**What you should do**. Print the records below exactly, omitting all pictures.

[[ Supplied data open ]]

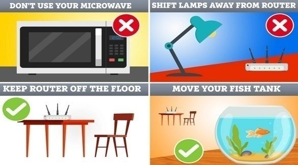 يمكن لتحريك المصابيح والأدوات الأخرى بعيدًا عن جهاز الراوتر أن يحسن من قوة الإشارة، ويتعلق الأمر كله بموجات الإشعاع (غير الضارة) المستخدمة لإطلاق شبكة واي فاي حول منزلك.
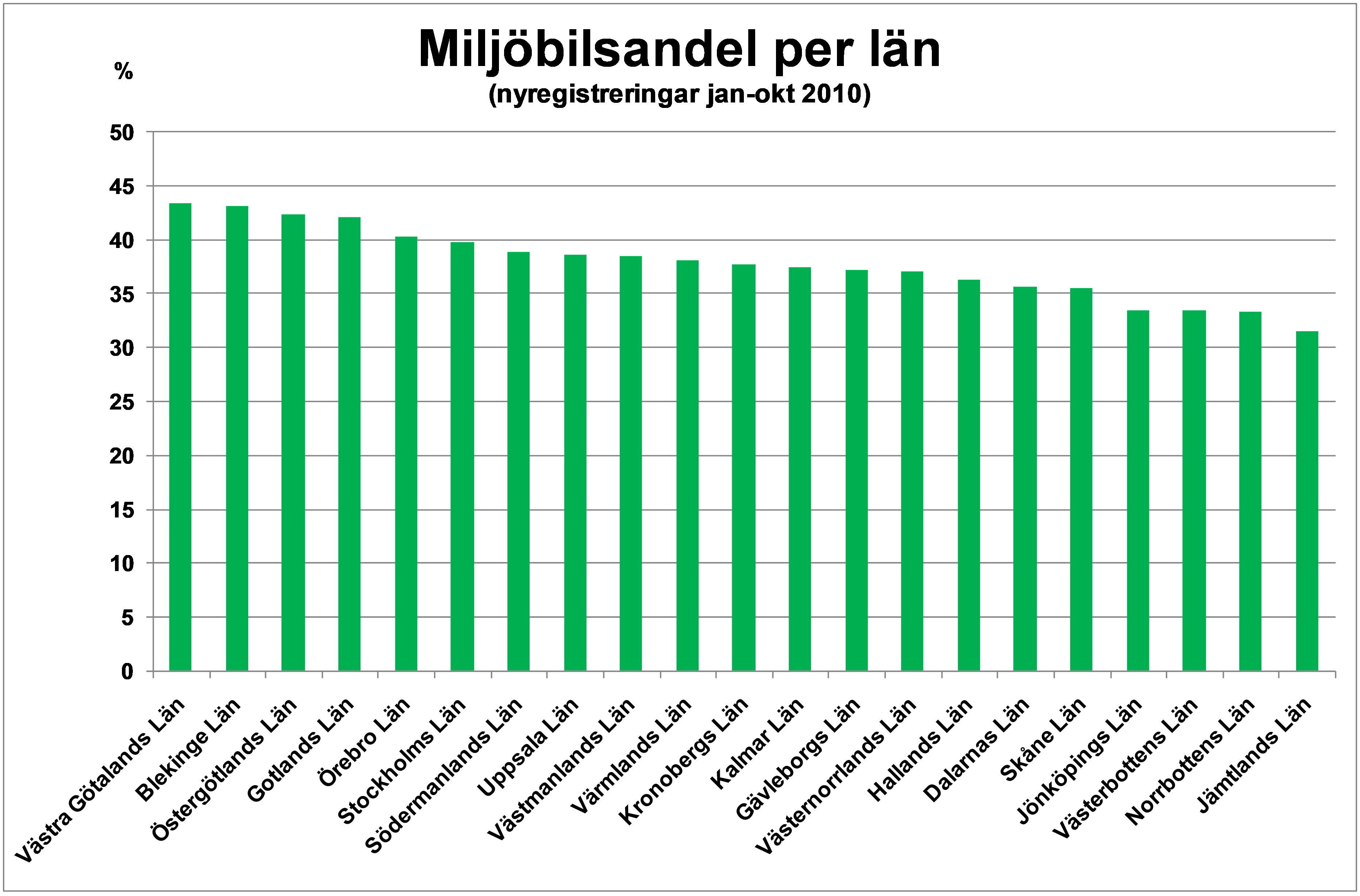 Västra Götalands län hade den högsta miljöbilsandelen i landet jan-okt i år då 43,4% av alla nyregistreringar i länet var miljöbilar. På andra plats kom Blekinge län med 43,1% miljöbilar. Riksgenomsnittet för miljöbilsandelen var 41,0% i oktober i år jämfört med 35,9% oktober förra året. Jan-okt i år var miljöbilsandelen 39,0%, vilket kan jämföras med samma period förra året då andelen var 38,5%.
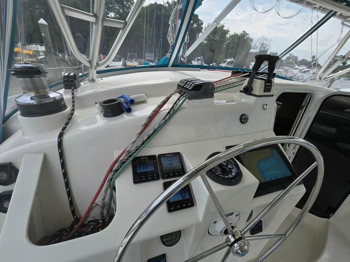 Storyteller's cockpit is one of the nicest I've seen. Great for entertaining, or passagemaking. The sling seat is brilliant. It's comfortable for you and your guests....and is just plain fun. Lots of storage compartments are underneath this area, as well.
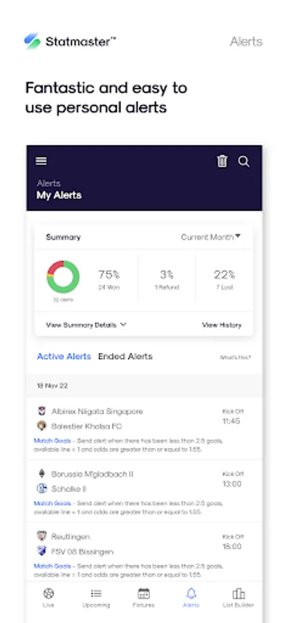 Keep up to date with LIVE notifications, whether you want goal, corners, cards, HT & FT result….. we have you covered.
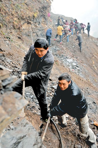 腊月初九,100多个村民打响了“移山”开路第一炮。
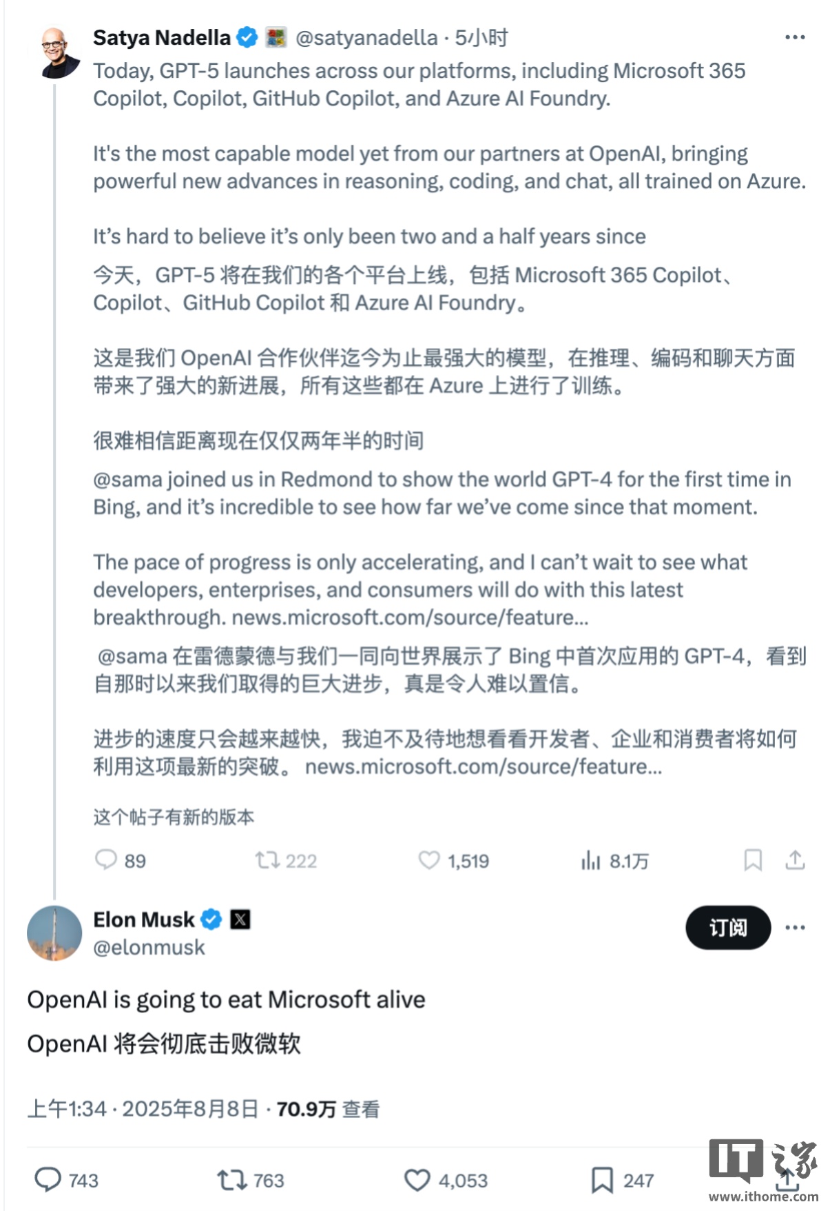 更甚者,马斯克还在微软 CEO 纳德拉的推文下面回复:OpenAI 将会“彻底击败微软”。
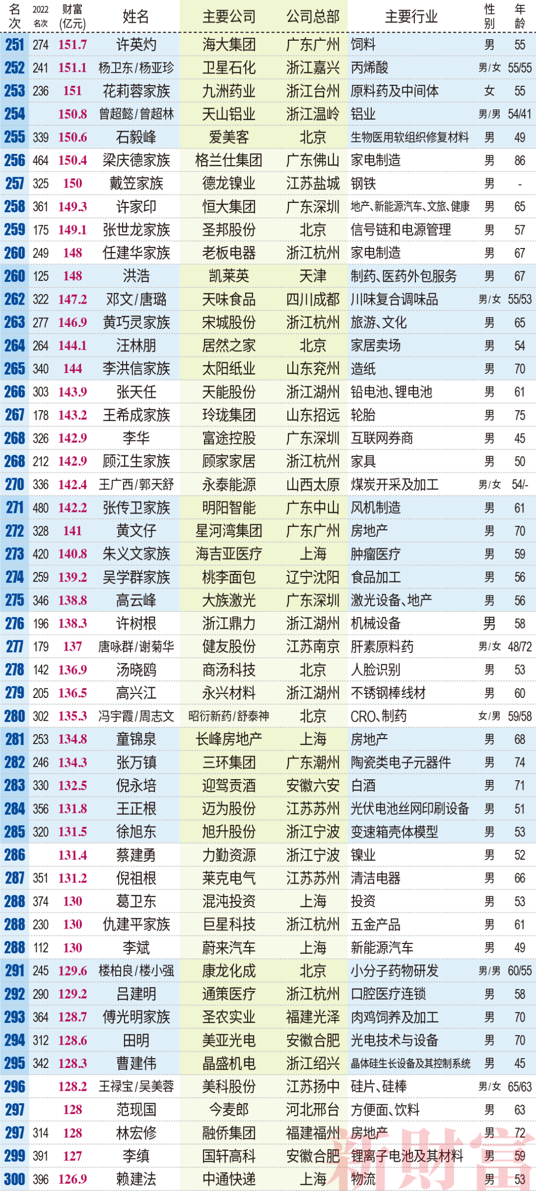 据悉,此榜单根据候选人拥有的主要企业,对其财富进行评估,主要方法为:对于上市公司,以2022年12月31日收盘市值(2023年新上市公司以2023年3月20日收盘价为准)×持股比例计算;对于已披露上市计划的非上市公司,根据2022年净利润估计数×可比上市公司2022年12月31日收盘价计算的市盈率×股权比例计算;对于其他非上市公司,以净资产×股权比例计算,并参考其最后一次私募融资时的估值情况。
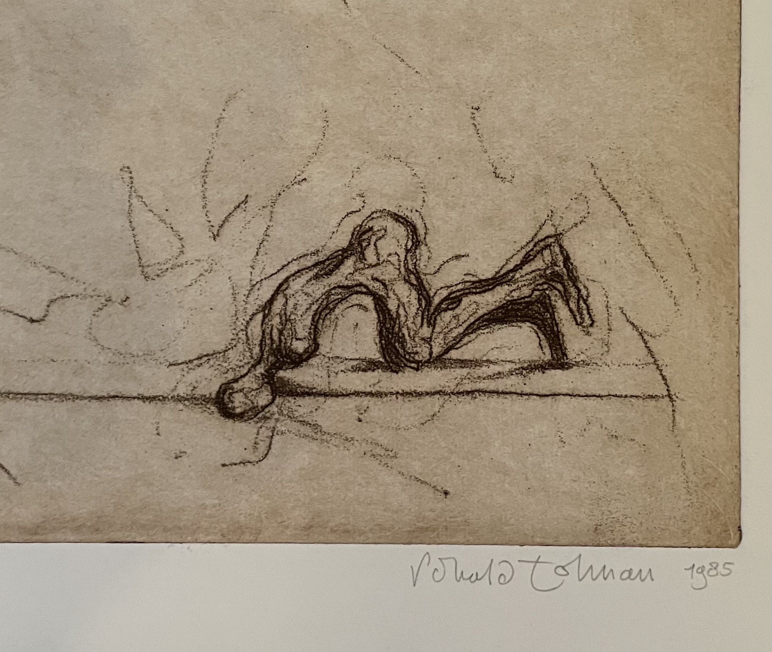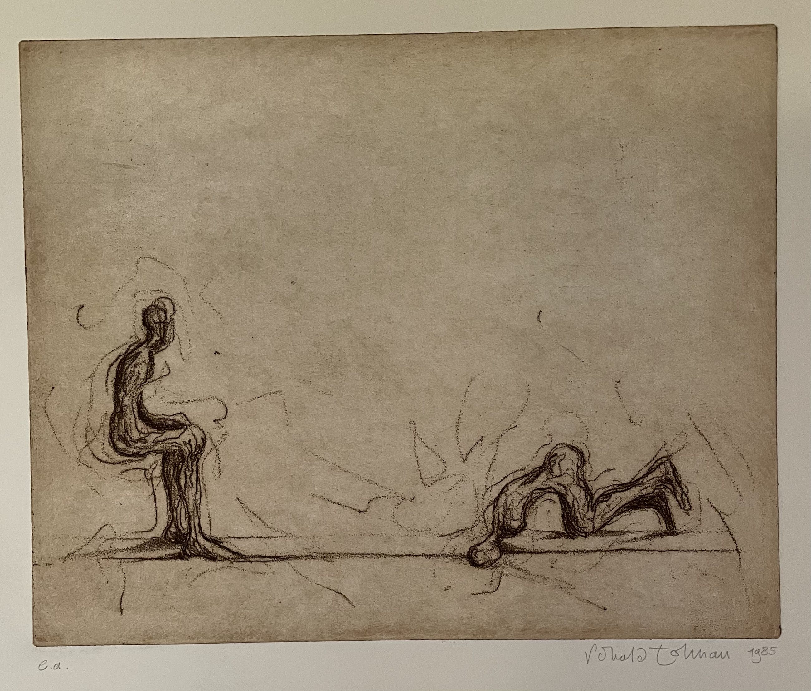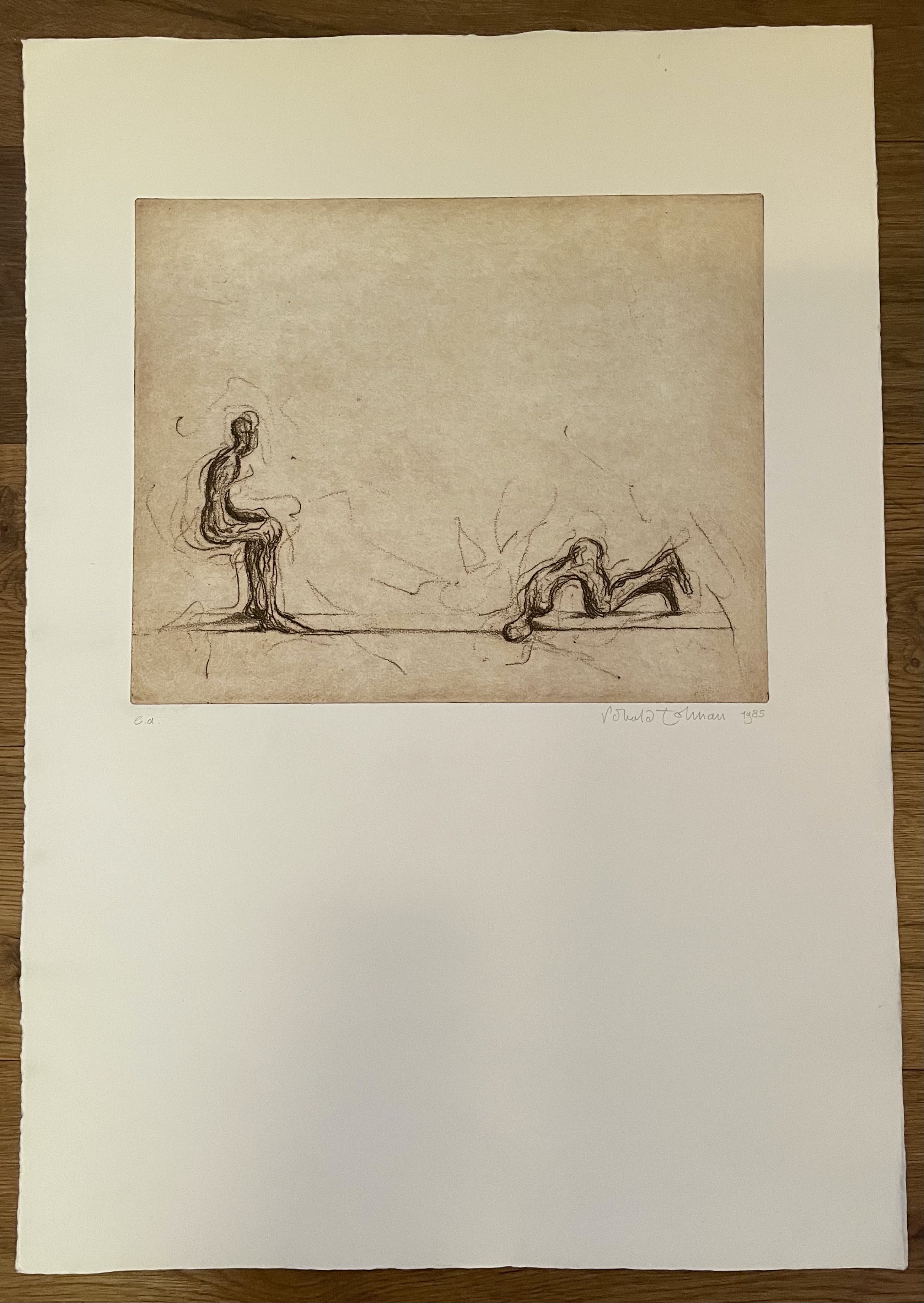 Mooie, grote ets met 2 figuren. Typische thematiek van Ronald Tolman over menselijke verhoudingen en doen en laten van de mens.
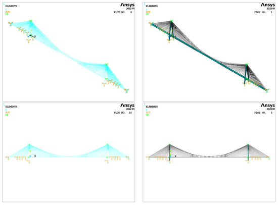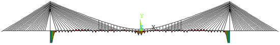The spatial geometric nonlinear finite element model used in this study was developed with the general-purpose finite element software ANSYS 2022 R1. In this model, three-dimensional truss elements (LINK10) simulate the cable system, designed to only experience tensile forces. The main girder and pylon are modeled with three-dimensional beam elements (BEAM4), and the main girder is represented as a single girder. Geometric nonlinear effects of the structure are considered during the calculation process. The spatial finite element model developed in this study is shown in Figure 6.
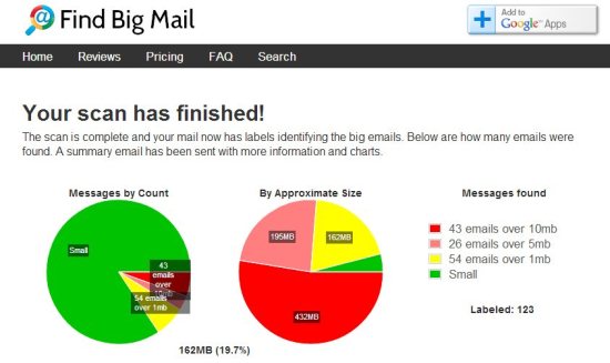 Find Big Mail is a free web-based application to find big emails in your Gmail account. It scans your Gmail account for bigger mails and sort out mails in 3 groups: over 1 MB, over 5 MB, and over 10 MB. Not only it finds big emails in your account, but also display results in pie-chart representation that helps in getting a clear view of the space consumed by each group.
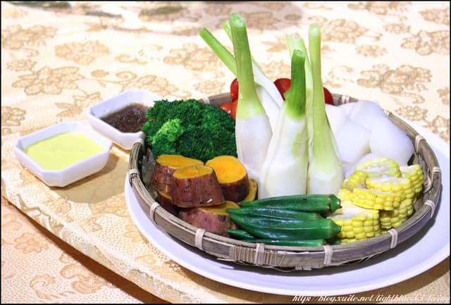全部使用有機蔬菜,我還特別喜歡筊白筍,非常鮮嫩又甘甜,只沾一點和風醬就好好吃

[[ Supplied data closed ]]

**Written answer**.
 يمكن لتحريك المصابيح والأدوات الأخرى بعيدًا عن جهاز الراوتر أن يحسن من قوة الإشارة، ويتعلق الأمر كله بموجات الإشعاع (غير الضارة) المستخدمة لإطلاق شبكة واي فاي حول منزلك.
 Västra Götalands län hade den högsta miljöbilsandelen i landet jan-okt i år då 43,4% av alla nyregistreringar i länet var miljöbilar. På andra plats kom Blekinge län med 43,1% miljöbilar. Riksgenomsnittet för miljöbilsandelen var 41,0% i oktober i år jämfört med 35,9% oktober förra året. Jan-okt i år var miljöbilsandelen 39,0%, vilket kan jämföras med samma period förra året då andelen var 38,5%.
 Storyteller's cockpit is one of the nicest I've seen. Great for entertaining, or passagemaking. The sling seat is brilliant. It's comfortable for you and your guests....and is just plain fun. Lots of storage compartments are underneath this area, as well.
 Keep up to date with LIVE notifications, whether you want goal, corners, cards, HT & FT result….. we have you covered.
 腊月初九,100多个村民打响了“移山”开路第一炮。
 更甚者,马斯克还在微软 CEO 纳德拉的推文下面回复:OpenAI 将会“彻底击败微软”。
 据悉,此榜单根据候选人拥有的主要企业,对其财富进行评估,主要方法为:对于上市公司,以2022年12月31日收盘市值(2023年新上市公司以2023年3月20日收盘价为准)×持股比例计算;对于已披露上市计划的非上市公司,根据2022年净利润估计数×可比上市公司2022年12月31日收盘价计算的市盈率×股权比例计算;对于其他非上市公司,以净资产×股权比例计算,并参考其最后一次私募融资时的估值情况。
 Mooie, grote ets met 2 figuren. Typische thematiek van Ronald Tolman over menselijke verhoudingen en doen en laten van de mens.
The spatial geometric nonlinear finite element model used in this study was developed with the general-purpose finite element software ANSYS 2022 R1. In this model, three-dimensional truss elements (LINK10) simulate the cable system, designed to only experience tensile forces. The main girder and pylon are modeled with three-dimensional beam elements (BEAM4), and the main girder is represented as a single girder. Geometric nonlinear effects of the structure are considered during the calculation process. The spatial finite element model developed in this study is shown in Figure 6.
 Find Big Mail is a free web-based application to find big emails in your Gmail account. It scans your Gmail account for bigger mails and sort out mails in 3 groups: over 1 MB, over 5 MB, and over 10 MB. Not only it finds big emails in your account, but also display results in pie-chart representation that helps in getting a clear view of the space consumed by each group.
全部使用有機蔬菜,我還特別喜歡筊白筍,非常鮮嫩又甘甜,只沾一點和風醬就好好吃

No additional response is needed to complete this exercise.